## ABOUT THIS TASK
Scan the records beneath this line for the line holding "购物服务贴心,用户能方便地选" and the line holding "A szürke és", then transcribe exactly those two and all lines between.

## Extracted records
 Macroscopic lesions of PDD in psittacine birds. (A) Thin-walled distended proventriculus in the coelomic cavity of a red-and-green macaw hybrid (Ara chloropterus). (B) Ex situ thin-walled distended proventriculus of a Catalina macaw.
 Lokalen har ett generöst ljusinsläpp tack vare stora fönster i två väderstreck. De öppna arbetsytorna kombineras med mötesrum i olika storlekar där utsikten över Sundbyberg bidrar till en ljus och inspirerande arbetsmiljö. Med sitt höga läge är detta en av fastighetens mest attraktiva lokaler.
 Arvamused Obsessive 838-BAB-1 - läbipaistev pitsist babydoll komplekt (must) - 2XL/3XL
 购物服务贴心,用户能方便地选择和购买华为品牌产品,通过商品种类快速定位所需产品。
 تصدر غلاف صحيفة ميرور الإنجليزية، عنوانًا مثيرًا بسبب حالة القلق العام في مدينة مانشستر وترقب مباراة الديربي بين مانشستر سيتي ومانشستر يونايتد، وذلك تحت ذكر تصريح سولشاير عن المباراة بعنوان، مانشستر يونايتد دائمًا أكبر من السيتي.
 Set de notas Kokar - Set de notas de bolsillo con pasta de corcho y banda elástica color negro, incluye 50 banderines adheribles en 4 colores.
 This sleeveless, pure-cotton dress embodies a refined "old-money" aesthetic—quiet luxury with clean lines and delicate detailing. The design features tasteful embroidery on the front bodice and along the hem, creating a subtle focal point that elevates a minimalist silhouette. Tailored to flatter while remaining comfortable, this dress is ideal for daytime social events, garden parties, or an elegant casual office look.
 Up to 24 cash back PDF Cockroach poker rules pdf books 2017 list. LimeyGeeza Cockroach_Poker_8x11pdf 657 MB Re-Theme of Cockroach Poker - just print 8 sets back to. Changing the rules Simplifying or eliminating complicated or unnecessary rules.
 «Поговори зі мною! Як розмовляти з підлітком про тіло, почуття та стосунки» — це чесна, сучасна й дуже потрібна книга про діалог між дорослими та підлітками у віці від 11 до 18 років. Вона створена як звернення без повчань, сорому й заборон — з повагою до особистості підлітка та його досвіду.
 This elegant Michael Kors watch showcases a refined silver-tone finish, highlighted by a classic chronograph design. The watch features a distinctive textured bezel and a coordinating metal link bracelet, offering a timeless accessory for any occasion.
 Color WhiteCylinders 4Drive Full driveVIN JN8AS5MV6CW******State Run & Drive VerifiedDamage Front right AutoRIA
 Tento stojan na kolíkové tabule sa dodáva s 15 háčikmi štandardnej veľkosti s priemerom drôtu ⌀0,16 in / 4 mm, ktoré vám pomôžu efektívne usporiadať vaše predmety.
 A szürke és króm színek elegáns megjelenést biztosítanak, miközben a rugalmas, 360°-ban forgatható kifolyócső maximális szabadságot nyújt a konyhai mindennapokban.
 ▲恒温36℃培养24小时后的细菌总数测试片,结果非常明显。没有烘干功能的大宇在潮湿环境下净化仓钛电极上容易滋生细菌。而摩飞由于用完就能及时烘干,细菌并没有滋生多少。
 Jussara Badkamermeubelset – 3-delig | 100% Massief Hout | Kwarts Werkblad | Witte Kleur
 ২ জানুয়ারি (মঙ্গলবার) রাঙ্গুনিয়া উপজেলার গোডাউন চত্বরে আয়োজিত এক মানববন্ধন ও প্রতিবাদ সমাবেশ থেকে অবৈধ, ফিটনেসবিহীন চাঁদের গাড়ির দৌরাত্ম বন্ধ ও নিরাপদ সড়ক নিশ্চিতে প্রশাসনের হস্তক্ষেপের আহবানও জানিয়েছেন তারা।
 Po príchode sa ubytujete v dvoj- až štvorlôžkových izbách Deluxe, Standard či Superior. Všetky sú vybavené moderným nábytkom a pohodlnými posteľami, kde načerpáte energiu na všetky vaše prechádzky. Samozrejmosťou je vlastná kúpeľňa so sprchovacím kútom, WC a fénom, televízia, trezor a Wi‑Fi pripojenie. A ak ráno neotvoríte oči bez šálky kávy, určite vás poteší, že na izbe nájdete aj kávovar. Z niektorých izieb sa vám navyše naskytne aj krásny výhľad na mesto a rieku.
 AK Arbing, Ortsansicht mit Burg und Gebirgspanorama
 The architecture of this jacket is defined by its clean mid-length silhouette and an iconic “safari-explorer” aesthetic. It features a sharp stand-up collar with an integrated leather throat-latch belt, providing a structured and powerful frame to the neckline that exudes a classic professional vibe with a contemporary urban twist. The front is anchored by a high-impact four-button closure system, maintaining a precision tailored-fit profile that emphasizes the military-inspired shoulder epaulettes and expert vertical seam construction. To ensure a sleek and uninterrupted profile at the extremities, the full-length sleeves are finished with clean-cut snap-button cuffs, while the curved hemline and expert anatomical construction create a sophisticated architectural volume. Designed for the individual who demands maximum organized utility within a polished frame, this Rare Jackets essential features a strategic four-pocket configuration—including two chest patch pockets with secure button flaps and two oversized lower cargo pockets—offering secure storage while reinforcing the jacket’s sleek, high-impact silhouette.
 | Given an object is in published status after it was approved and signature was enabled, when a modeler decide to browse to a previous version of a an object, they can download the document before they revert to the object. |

## ANSWER TO THIS EXERCISE
 购物服务贴心,用户能方便地选择和购买华为品牌产品,通过商品种类快速定位所需产品。
 تصدر غلاف صحيفة ميرور الإنجليزية، عنوانًا مثيرًا بسبب حالة القلق العام في مدينة مانشستر وترقب مباراة الديربي بين مانشستر سيتي ومانشستر يونايتد، وذلك تحت ذكر تصريح سولشاير عن المباراة بعنوان، مانشستر يونايتد دائمًا أكبر من السيتي.
 Set de notas Kokar - Set de notas de bolsillo con pasta de corcho y banda elástica color negro, incluye 50 banderines adheribles en 4 colores.
 This sleeveless, pure-cotton dress embodies a refined "old-money" aesthetic—quiet luxury with clean lines and delicate detailing. The design features tasteful embroidery on the front bodice and along the hem, creating a subtle focal point that elevates a minimalist silhouette. Tailored to flatter while remaining comfortable, this dress is ideal for daytime social events, garden parties, or an elegant casual office look.
 Up to 24 cash back PDF Cockroach poker rules pdf books 2017 list. LimeyGeeza Cockroach_Poker_8x11pdf 657 MB Re-Theme of Cockroach Poker - just print 8 sets back to. Changing the rules Simplifying or eliminating complicated or unnecessary rules.
 «Поговори зі мною! Як розмовляти з підлітком про тіло, почуття та стосунки» — це чесна, сучасна й дуже потрібна книга про діалог між дорослими та підлітками у віці від 11 до 18 років. Вона створена як звернення без повчань, сорому й заборон — з повагою до особистості підлітка та його досвіду.
 This elegant Michael Kors watch showcases a refined silver-tone finish, highlighted by a classic chronograph design. The watch features a distinctive textured bezel and a coordinating metal link bracelet, offering a timeless accessory for any occasion.
 Color WhiteCylinders 4Drive Full driveVIN JN8AS5MV6CW******State Run & Drive VerifiedDamage Front right AutoRIA
 Tento stojan na kolíkové tabule sa dodáva s 15 háčikmi štandardnej veľkosti s priemerom drôtu ⌀0,16 in / 4 mm, ktoré vám pomôžu efektívne usporiadať vaše predmety.
 A szürke és króm színek elegáns megjelenést biztosítanak, miközben a rugalmas, 360°-ban forgatható kifolyócső maximális szabadságot nyújt a konyhai mindennapokban.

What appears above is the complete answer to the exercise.